# The glory of Queen!



## BurningDesire (Jul 15, 2012)

I have a long history with the band Queen, who are one of the many classic rock bands I was exposed to in early childhood, and were one of the bands that I was heavily listening to when I first got really into music in middle school. I recently have acquired many of their albums on CD and have been listening to them heavily, loving their unique and passionate combination of hard rock and elements from Romantic classical music (at least thats sort of how I view their aesthetic). Any other Queen-lovers on TC?  Got a favorite tune or album?


----------



## starthrower (Dec 11, 2010)

Never really was a big enough fan to buy the albums, but I like a few songs including Killer Queen, Somebody To Love, Bohemian Rhapsody. The current issue of Rolling Stone features an extended article on the band. Love it or hate it, Bohemian Rhapsody is unique for a pop hit. It features no chorus, is rather long, and there probably are more vocal overdubs than any other tune ever recorded.


----------



## elgar's ghost (Aug 8, 2010)

I liked a fair bit of the band's 70's output (especially the first three albums) but after that I would find it difficult to make a ten-song compilation of stuff I really like.

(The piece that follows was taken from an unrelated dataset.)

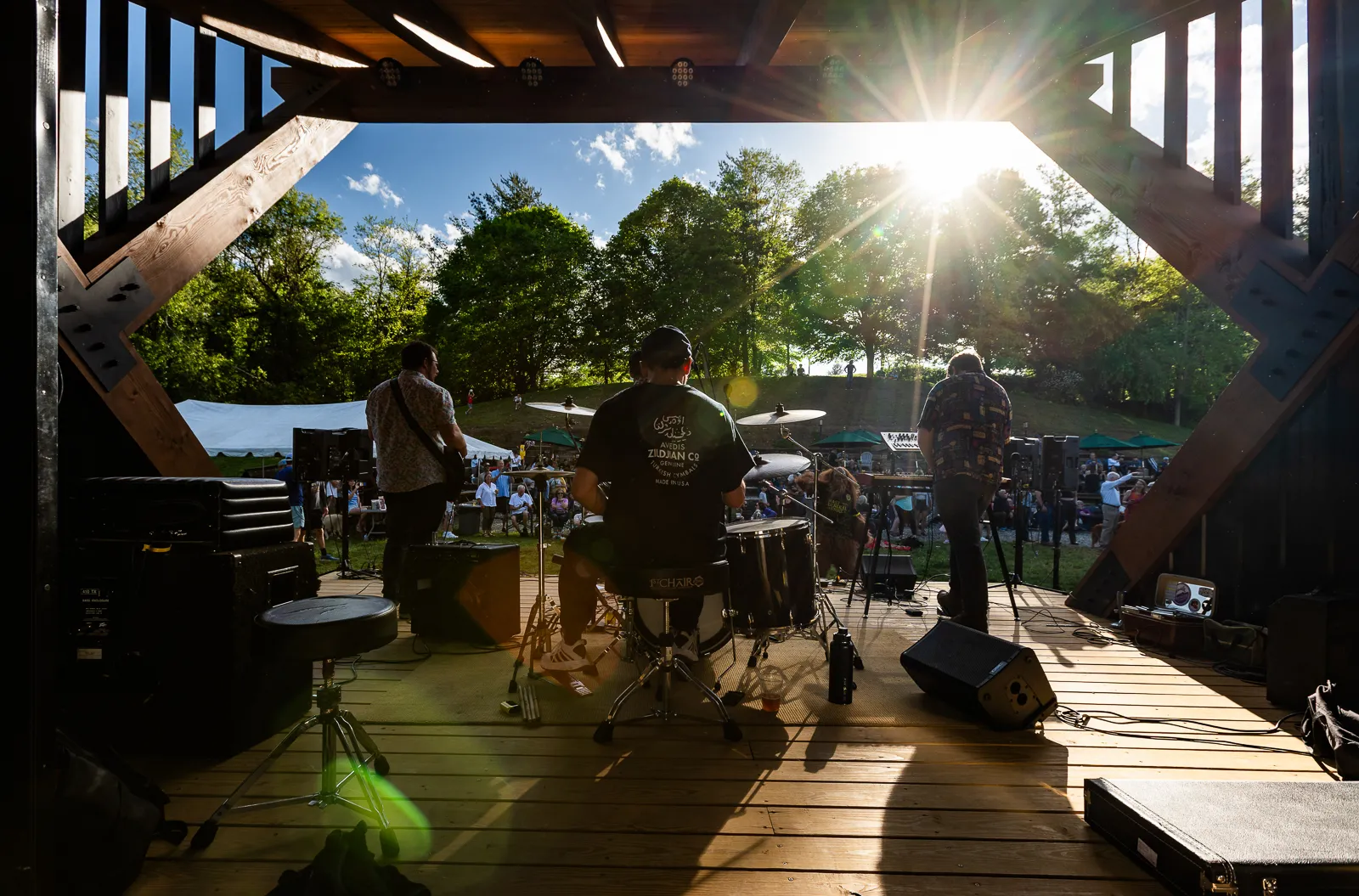 The sun begins to go down at Booneshine Brewing Company during an energetic live music set by Greylan Hall & The Nasty Kings on May 17, 2025.

I admired Queen's cleverness and versatility during what I would call the Singlet and Moustache Years but it's the hard rock material of their earlier years that is more to my liking, even if it did whiff of ripping off Led Zep in places.


----------



## techniquest (Aug 3, 2012)

I liked them all the way through until 'Jazz', which I thought was complete rubbish. I liked the way that they always used to claim that they had used 'no synthesizers' on their album covers credits lists, which kind of highlighted the exaggerated clverness of the way they could manipulate the guitar; after all, it would have been a whole lot simpler if they _had_ used synthesisers!
'Queen II', 'Sheer Heart Attack' and 'Night at the Opera' are my favourite albums, but I don't like the BoRhap track, probably because it has been so overexposed.


----------



## senza sordino (Oct 20, 2013)

70s Queen was great, but into the 80s I stopped following them. But Freddie was great wasn't he? 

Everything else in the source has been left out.